O avanço acelerado das tecnologias digitais tem remodelado a forma como vivemos, nos comunicamos e interagimos com o Estado. Essa transformação alcança o próprio núcleo da ordem constitucional, exigindo uma nova abordagem interpretativa, legislativa e institucional. Surge, assim, o Tecnoconstitucionalismo, conceito que representa a incorporação crítica dos impactos tecnológicos na proteção e aplicação dos direitos fundamentais. 

A Constituição, em sua função de limitar o poder e garantir direitos, vê-se tensionada por algoritmos opacos, big data, inteligência artificial e práticas de vigilância digital que desafiam os parâmetros tradicionais da legalidade, da proporcionalidade e da dignidade humana. 

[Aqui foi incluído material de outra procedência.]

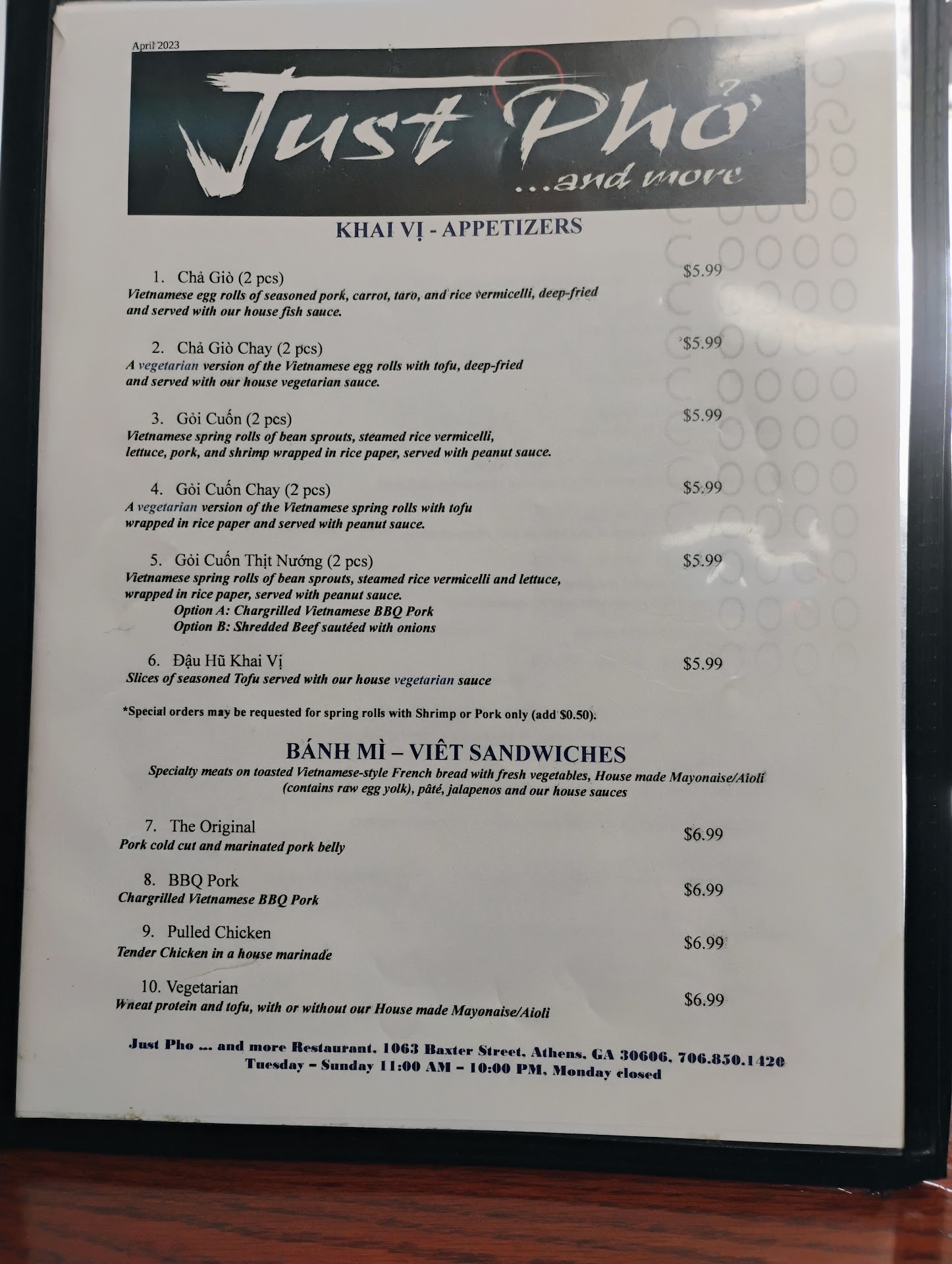 Worst dining experience EVER. My husband and I were not allowed to be seated and look at a menu bc we didn’t have masks with us, but they wouldn’t provide one either. We had to pay before receiving any food. The first impression was horrible, but we decided to stay. Bad mistake. We had to get our food from the back of the restaurant ourselves - it was never served. We had about two little cups of sauce and were refused any extra sauces. The guy was super rude and having such a nasty attitude when all we wanted was to enjoy a nice meal. After that experience, we decided not to touch our food - we wanted to just get our money back and leave, but they refused to refund us. So not to throw away our money, we stayed and ate. The pho wasn’t terrible, but not the best that we’ve had by any means. After this whole awkward ordeal, the owner comes in and we hear the guy complaining about us in the back to the owner - we heard every word. The owner then comes to us and apologizes for our bad experience and “tried to make things right” but all she did was lecture us as to why they don’t serve food anymore and why they only give so much sauce. I was then guilt-tripped for not finishing all of my broth...we will definitely never be coming back here and although other pho places in Athens are a tad more pricey, I’d rather pay more and have decent service than what I experienced here. So sad and unfortunate we had the experience that we did, but we learned our lesson. Stick with your gut, and if something...
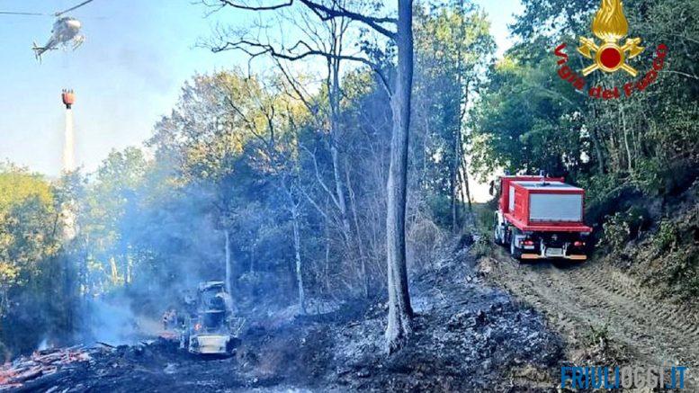 Incendio nel primo pomeriggio a Poianis, frazione del comune di Prepotto. Le fiamme hanno interessato prima una cippatrice alimentata a gasolio, e poi si sono propagate rapidamente ai campi circostanti e a una vicina zona boscata. L’allarme è scattato intorno alle ore 15.10, quando la sala operativa del comando dei Vigili del Fuoco di Udine è stata allertata per la presenza delle fiamme in un’area agricola.
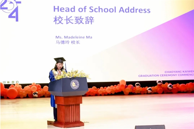 毕业临别之际,朝阳凯文学校校长马德玲女士上台致辞,送上对毕业生殷切的嘱托:
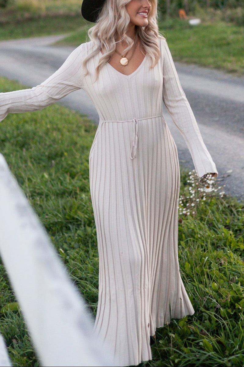 This Ribbed Knit Maxi Dress offers effortless elegance with its soft ribbed knit fabric and flattering V-neckline. It cinches at the waist with a tie for a flattering silhouette. The maxi length makes it perfect for both casual and formal occasions.
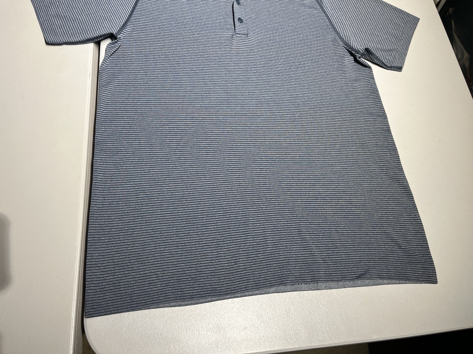как выглядит Lululemon Polo Shirt Mens Large Blue Striped Evolution Metal Vent Golf Casual фото
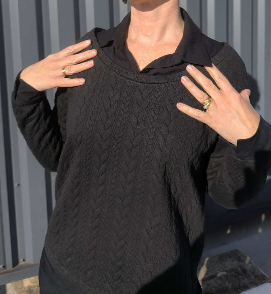 Avec mon pull trompe-l’œil Livia de Super Bison :
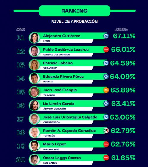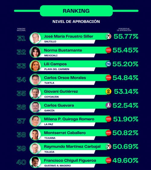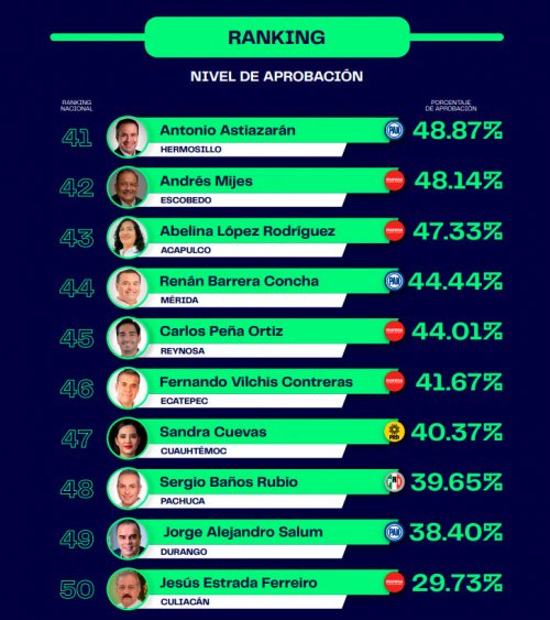 FEB 232022 La casa encuestadora Poligrama realizó un estudio de opinión para conocer cómo se encuentra la evaluación de los alcaldes de las 50 ciudades con una importante actividad económica en el país. Para poder conocer los resultados se realizaron 500 entrevistas telefónicas por cada municipio a hombres y mujeres mayores de edad entre los días 7 y 20 de febrero en diferentes horarios. En la encuesta no solo se tomó en cuenta la aprobación, también se cuestionó a las personas cuál es el mayor problema en sus ciudades en donde se destacaron los temas de inseguridad, servicios públicos, falta de empleo o mejores salarios, salud, contaminación y otros. Los resultados arrojaron el siguiente ranking:
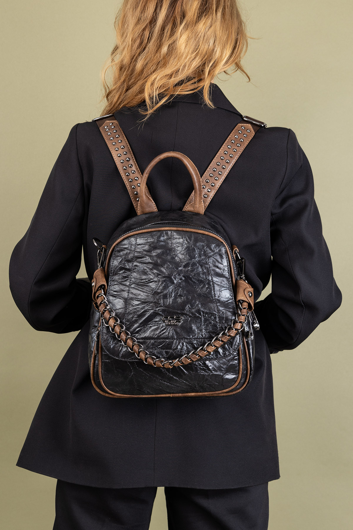 Nekesa Kadın Siyah Zincir Askılı Deri Görünümlü Sırt Ve Omuz Çantası Günlük Vintage Tasarım Nekesa Kadın Siyah Zincir Askılı Deri Görünümlü Sırt Ve Omuz Çantası Günlük Vintage Tasarım 17634 تک سایز

Este artigo se propõe a investigar como o Tecno constitucionalismo pode oferecer respostas à crise de efetividade dos direitos na era digital, analisando jurisprudência relevante e propondo aperfeiçoamentos normativos e institucionais. 

TECNO CONSTITUCIONALISMO: DEFINIÇÃO E PRESSUPOSTOS

O Tecnoconstitucionalismo pode ser compreendido como uma nova vertente do pensamento jurídico que reconhece que o impacto das tecnologias digitais exige releitura dos princípios constitucionais, revisão das formas de controle do poder e novas garantias para os cidadãos. 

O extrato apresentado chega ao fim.